New Delhi, August 1: The unemployment rate in India this year will remain at 3.5 per cent, while that of China would increase from 4.7 per cent to 4.8 per cent, predicted International Labour Organisation (ILO). Moreover, 77 per cent of the labour market would remain ‘vulnerable’ in India as against 33 per cent in China.

The ILO released ‘The World Employment and Social Outlook – Trends 2018’ which provides an analysis of the present state of the labour market including the trends in unemployment, vulnerable employment, and working poverty. As per the 2018 report, the economic growth in Asian and Pacific region is expected to remain at 5.5 per cent for a period of two years, while in India a 7.4 per cent growth is expected in 2018 as against 6.7 per cent in 2017.

The World Employment and Social Outlook – Trends 2018 report also notes that “while there has been strong job creation in some ICT-intensive services, notably in India, a significant portion of the jobs created in the services sector over the past couple of decades have been in traditional low-value-added services, where informality and vulnerable forms of employment are often dominant.”

Informality which affects almost 90 per cent of workers in India, Bangladesh, Cambodia and Nepal with a majority working in the agricultural sector also remains pervasive in non-agriculture sectors, such as construction, wholesale and retail trade, and accommodation and food services.
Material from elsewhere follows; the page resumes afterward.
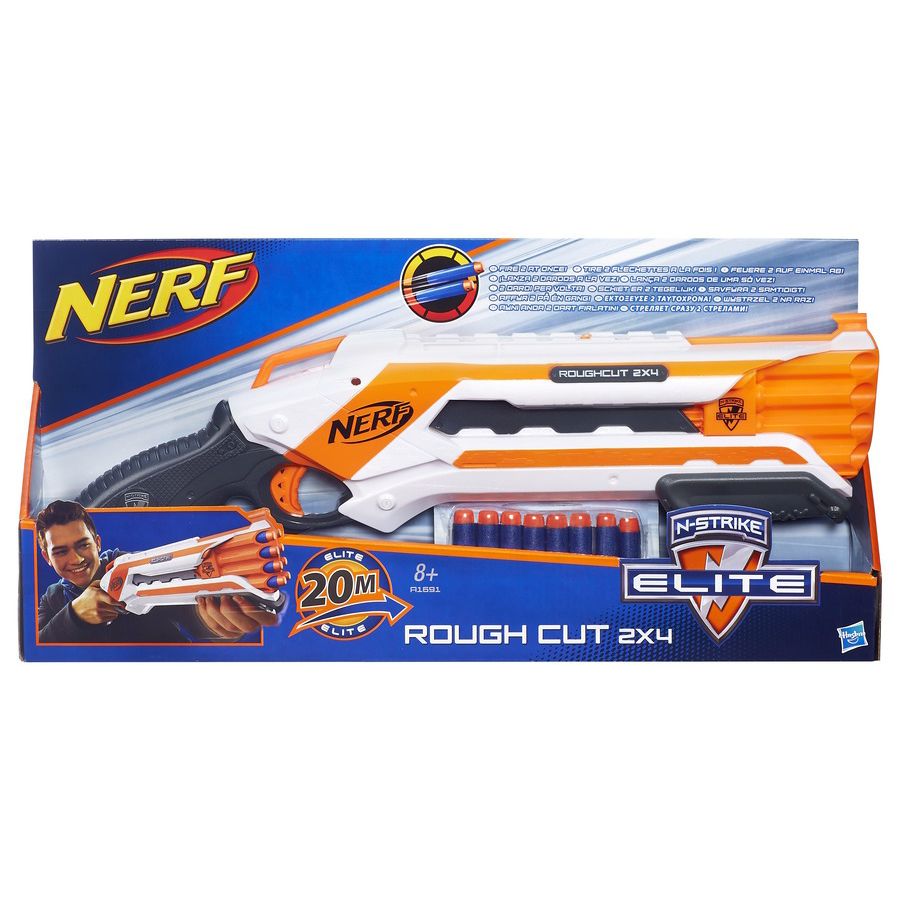 Intra in lupta si surprinde-ti adversarii cu blasterul care poate trage cu doua proiectile odata, la o distanta de pana la 23 m. Sistemul de tragere, iti da voie sa lansezi pana la 8 cartuse Elite, fara a reincarca. Dubleaza-ti puterea si domina lupta! Blasterul vine cu 8 cartuse. Ca la cele mai multe blastere N-STRIKE, sina tactica iti permite sa adaugi diferite accesorii N-STRIKE (vandute separat) pentru o performanta sporita in lupta. Dubleaza-ti puterea cu blasterul ROUGH CUT 2X4 si fii gata sa domini lupta!

The high incidence of informality makes it difficult to reduce the incidence of working poverty especially in the South and South-Eastern parts of Asia.
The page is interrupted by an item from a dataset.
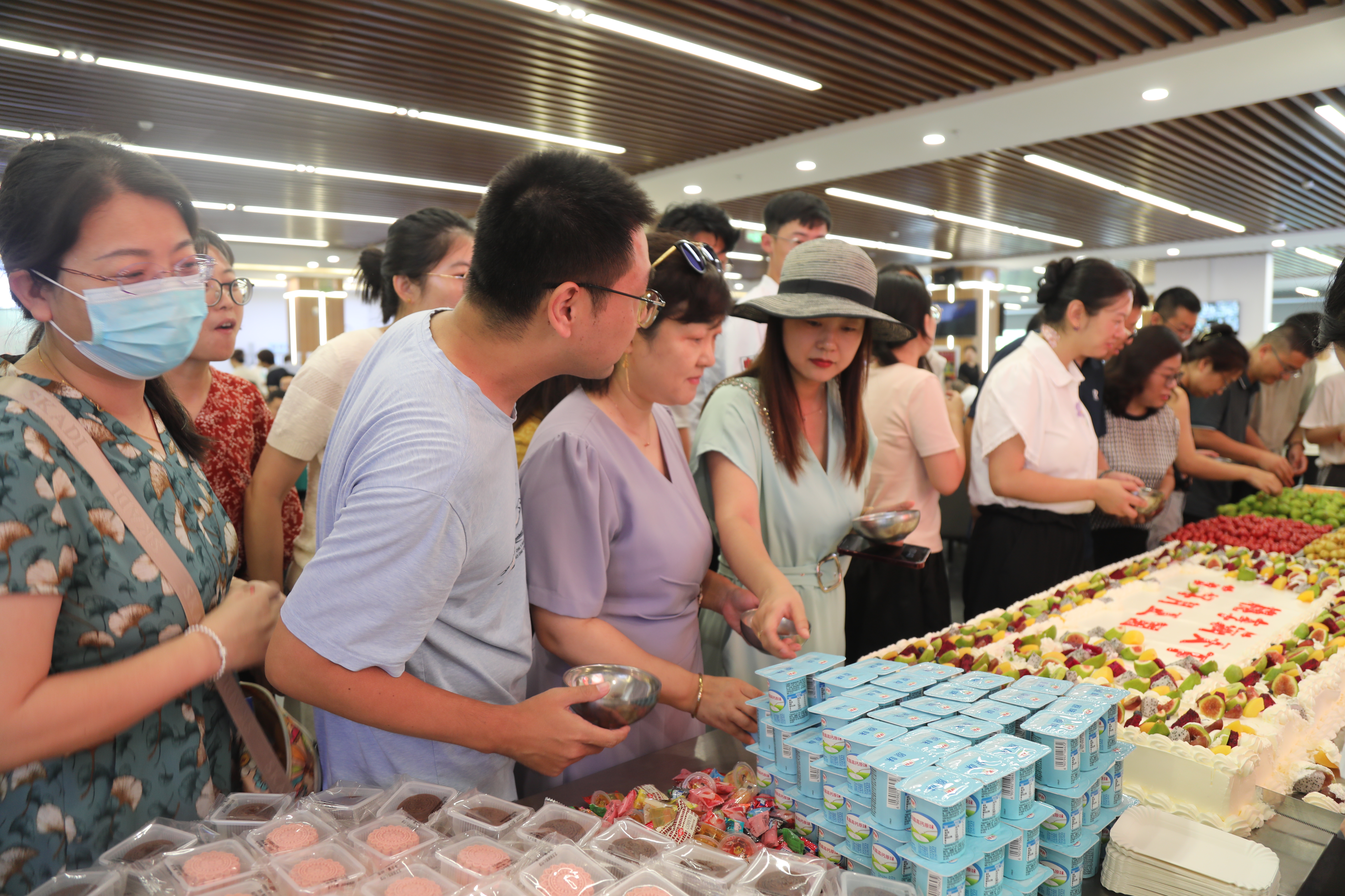 王发明代表学校党委向全体教职员工致以节日的问候和诚挚的祝福,并向坚守教育报国初心,勇担立德树人使命的全体商务人表示衷心的感谢。随后,校领导为在场教职员工分蛋糕。现场洋溢着浓浓的节日气氛。

The report observed that rigidities in the labour market were responsible for preventing modern manufacturing industries from generating employment opportunities. Therefore the vulnerable employment rate in India continues to stay high at 77 per cent from 2017 to 2019.

Globally, out of the 1.4 billion people estimated to be in vulnerable employment this year, about 394 million or more than a quarter are from India, stated the ILO data. Moreover, the report has predicted that the working poverty is likely to decline over the next two years in Asia and the Pacific.